There is no net external torque since the cylinder is slipping (no friction), so the angular momentum should be conserved.
$$L_f=\frac 12MR^2\omega_i=\frac 12\times3.8\times0.52^2\times50\times\frac{2\pi\times0.52}{60}$$

 

[haruspex]

I think you mean "since the disk is slipping (no friction)".
Your reasoning is right, but you seem to have an extra 0.52 in there.

 

[archaic]

I think you mean "since the disk is slipping (no friction)".
Your reasoning is right, but you seem to have an extra 0.52 in there.

Right, I should have the velocity in radians per second. Thank you.

 

[archaic]

I think you mean "since the disk is slipping (no friction)".

The hollow cylinder slips on the turntable

 

[haruspex]

The hollow cylinder slips on the turntable

Yes, but with friction, or they would not converge to the same angular velocity.

 

[haruspex]

Right, I should have the velocity in radians per second.

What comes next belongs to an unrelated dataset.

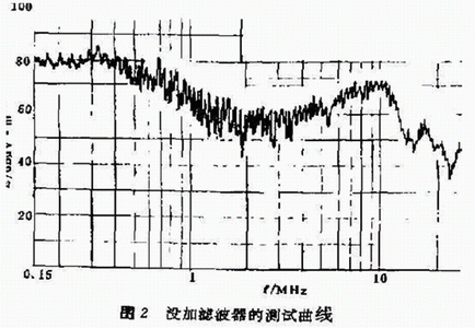 我們知道,架空的輸電線上不可避免地會(huì)檢拾到各種高頻輻射干擾,這種干擾往往以共?;虿钅P问匠霈F(xiàn),從而在電源線上產(chǎn)生傳導(dǎo)干擾,通過正確的接地,可以抑制這種干擾,但只是在一定程度上的改善,因而可以加濾波器予以抑制(見測(cè)試曲線)。
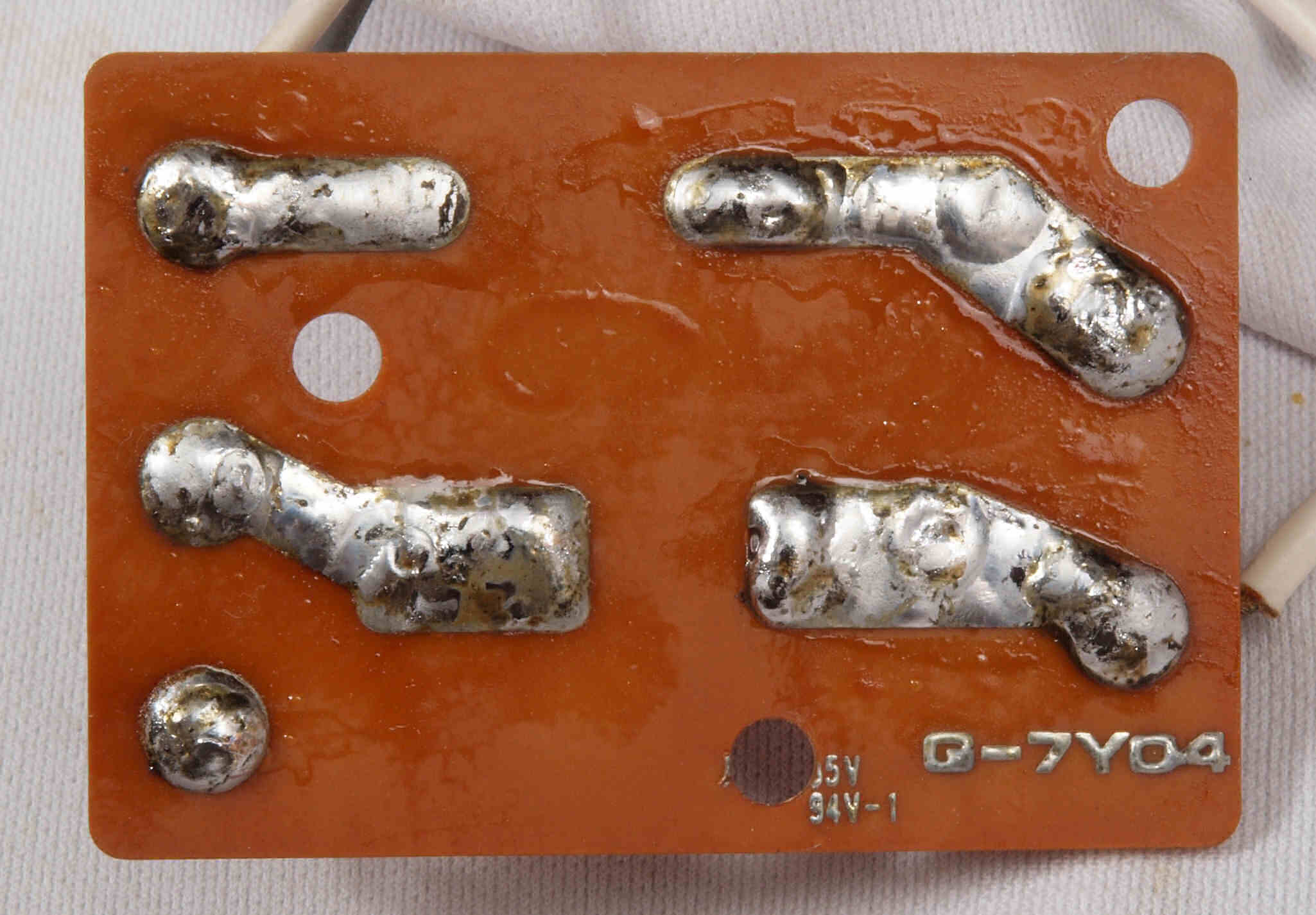 | C312. 修理前 ヒューズ基板。 端子に接続する2本の線の内、1本が未半田! | ||||||||||||||||||||||||||||||||||||||||||||||||||||

Thank you.

I'm not sure how that is a response to my post. What do you have as the answer now?

 

[archaic]

I'm not sure how that is a response to my post. What do you have as the answer now?

$$\frac 12\times3.8\times0.52^2\times50\times\frac{2\pi}{60}$$

Yes, but with friction, or they would not converge to the same angular velocity.

This actually bothered me a bit. I went with conservation of angular momentum since I saw no other way of doing the problem. Doesn't friction imply a net external torque on the disk and the cylinder?

 

[kuruman]

Doesn't friction imply a net external torque on the disk and the cylinder?

The system, the angular momentum of which is conserved, is the turntable plus the hollow cylinder. There is no external torque acting on the system; friction is internal. This is the rotational equivalent of a one dimensional inelastic collision where two blocks collide and stick together after the collision.